» ASSIGNMENT
Return the data word for word. Pictures are to be omitted.

» DATASET SECTION
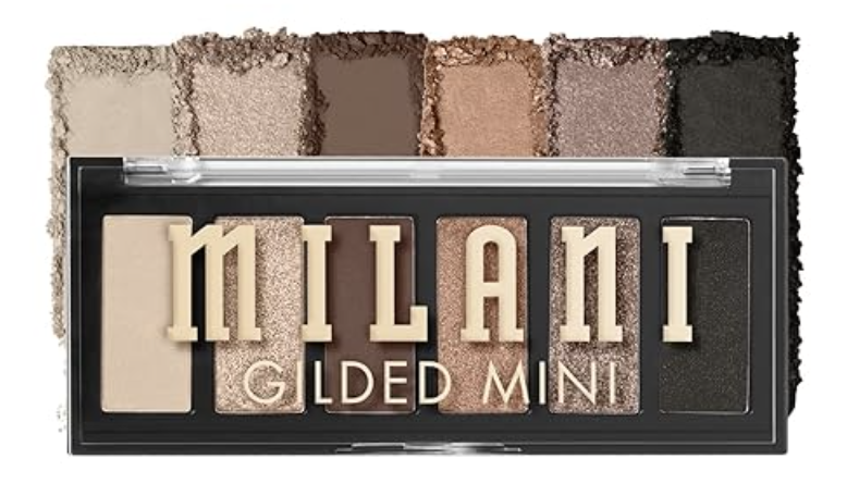 Milani Gilded Mini Eyeshadow Palette — Compact, easy-to-carry, and surprisingly punchy — perfect for a quick NYE touch-up or a minimalist metallic wash.
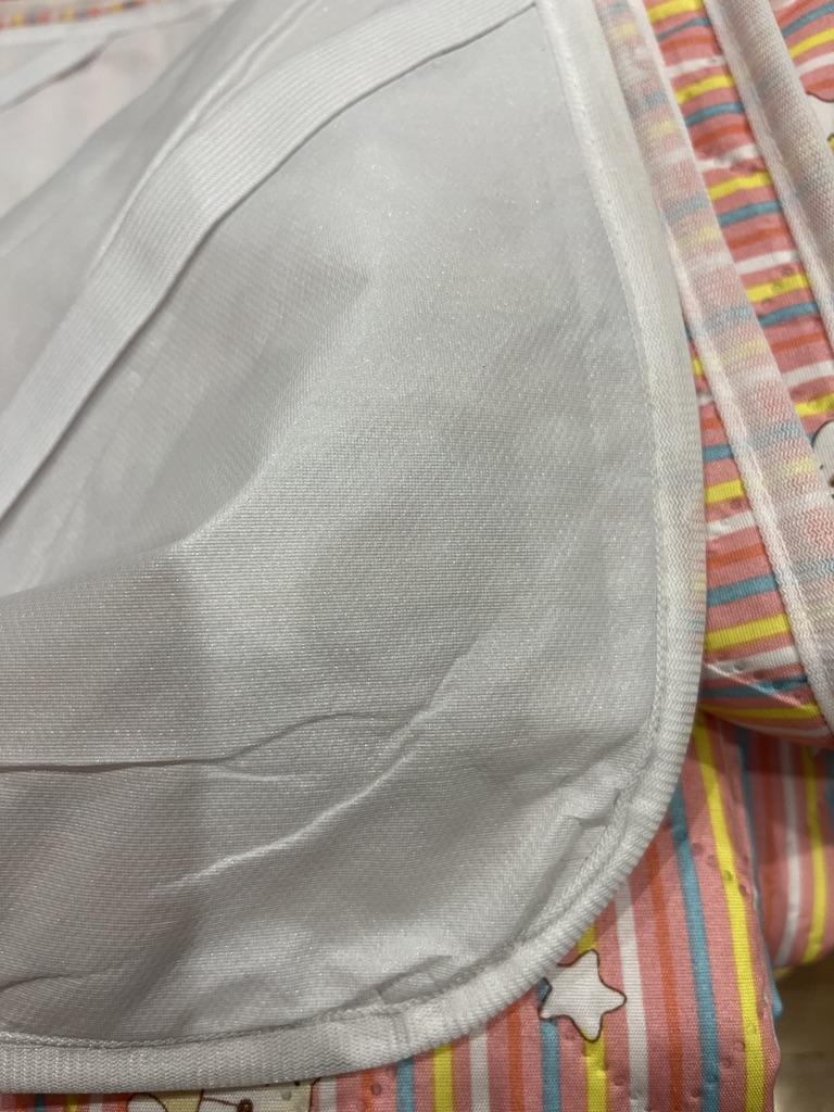 Пеленка по всему размеру не прошита, при любом движении от а сминается. Ее надо класть под простынь, чтоб она не шевелилась. Ну и какой смысл? Как ее стирать, если все слои держатся только строчкой по периметру?
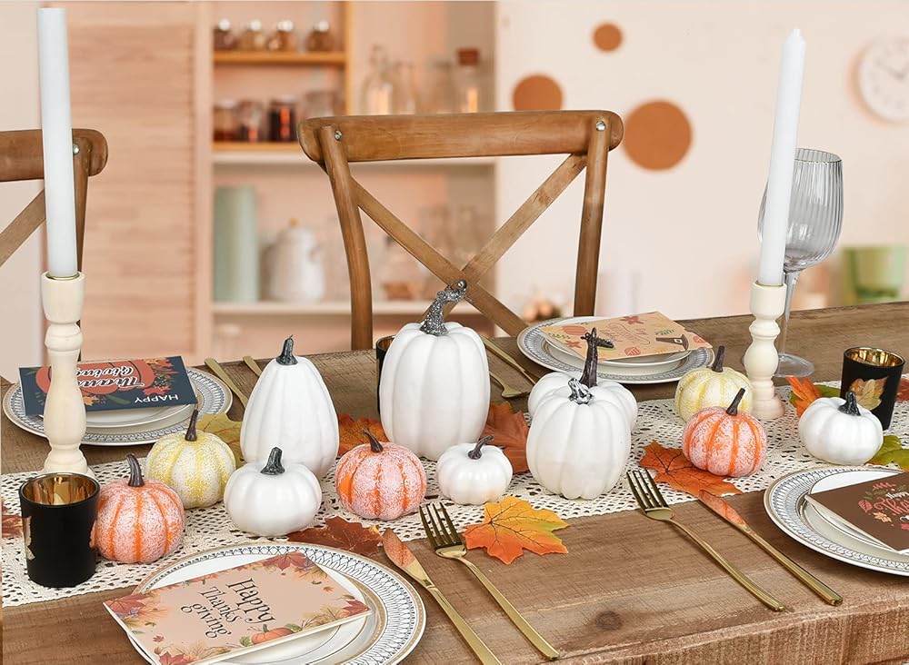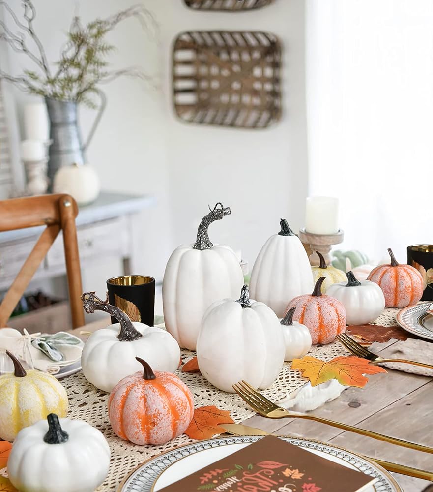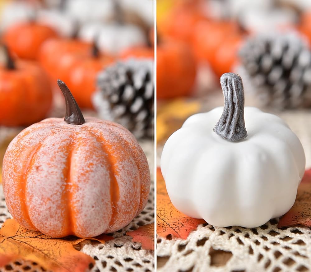 These Artificial Pumpkins are perfect for Halloween, autumn, harvest occasion, baby shower, all seasons, fall-themed wedding, Thanksgiving and other fall themes, event decorations, baby shower, .

» PROBLEM SOLUTION
 Milani Gilded Mini Eyeshadow Palette — Compact, easy-to-carry, and surprisingly punchy — perfect for a quick NYE touch-up or a minimalist metallic wash.
 Пеленка по всему размеру не прошита, при любом движении от а сминается. Ее надо класть под простынь, чтоб она не шевелилась. Ну и какой смысл? Как ее стирать, если все слои держатся только строчкой по периметру?
 These Artificial Pumpkins are perfect for Halloween, autumn, harvest occasion, baby shower, all seasons, fall-themed wedding, Thanksgiving and other fall themes, event decorations, baby shower, .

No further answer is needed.